(SUPPLIED RECORDS Opens)

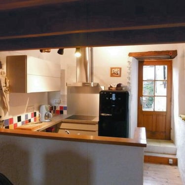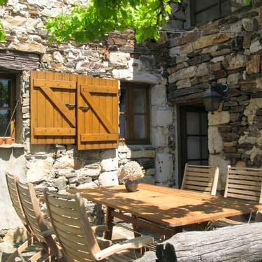 Dans les monts d'Ardèche, à 620 m d'altitude, au calme, notre gîte 6 personnes (en bas, entre une ruelle et l'autre gîte), également en pierre, vous accueille pour de confortables vacances.
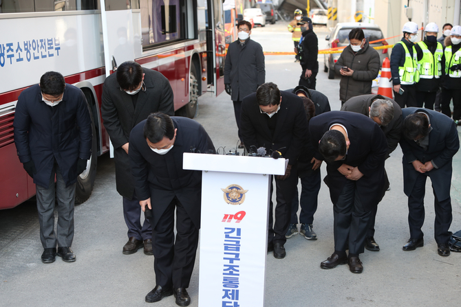 유병규 대표이사가 12일 오전 10시 광주 서구 화정동 사고 현장 소방청 사고대책본부 인근에서 이같은 사과문을 발표했다.
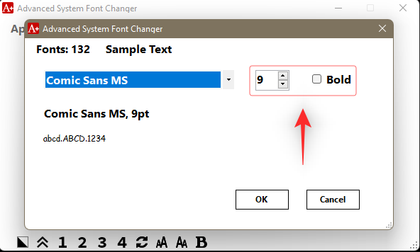 如果需要,更改字体大小,如果您希望在系统标题栏中加粗字体,请选中“粗体”框。
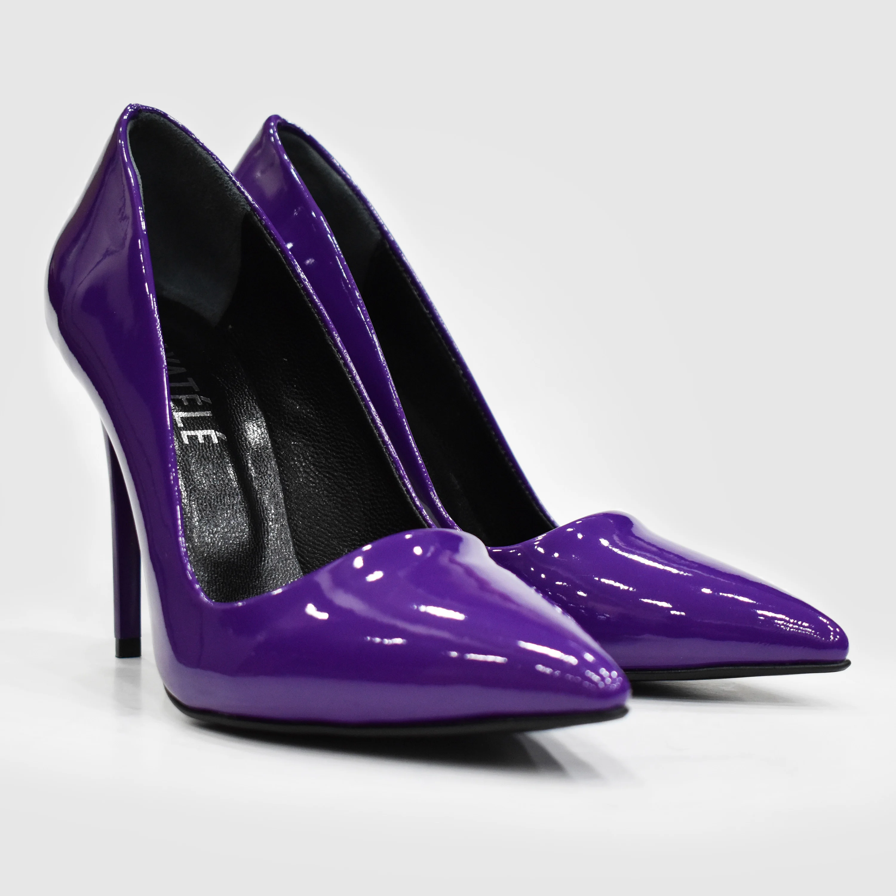 - Purple patent leather pumps
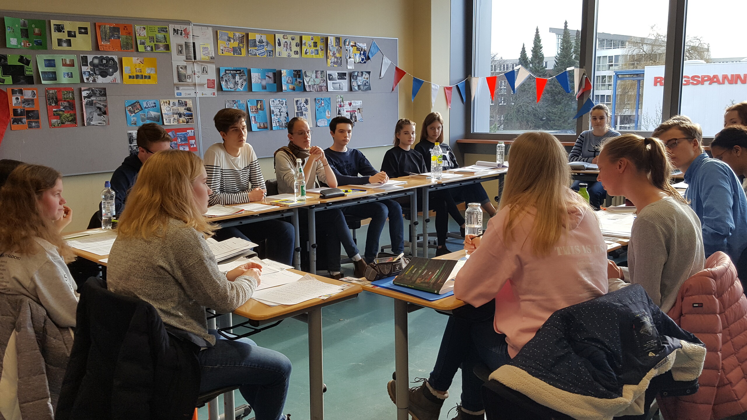 Impressionen SchulhofTeilnahme am Wettbewerb "Jugend debattiert"Bewegte Schule in der PauseBewegte Schule in der PauseKunst-Unterricht an der HUSKunst-Unterricht an der HUSDiskussionsrunde im Französisch-UnterrichtBuchvorstellung in FranzösischHandlungsorientierter MathematikunterrichtSpanischunterrichtDrei Schülerinnen in der EingangshalleInternationale Beziehungen an der HUSSchulgottesdienst

(SUPPLIED RECORDS Closes)

EXERCISE DIRECTIONS. Beginning with the line that includes "- Purple patent leather pumps" and ending with the last line of the material, reproduce those lines exactly and nothing else, with no pictures.

TASK SOLUTION.
 - Purple patent leather pumps
 Impressionen SchulhofTeilnahme am Wettbewerb "Jugend debattiert"Bewegte Schule in der PauseBewegte Schule in der PauseKunst-Unterricht an der HUSKunst-Unterricht an der HUSDiskussionsrunde im Französisch-UnterrichtBuchvorstellung in FranzösischHandlungsorientierter MathematikunterrichtSpanischunterrichtDrei Schülerinnen in der EingangshalleInternationale Beziehungen an der HUSSchulgottesdienst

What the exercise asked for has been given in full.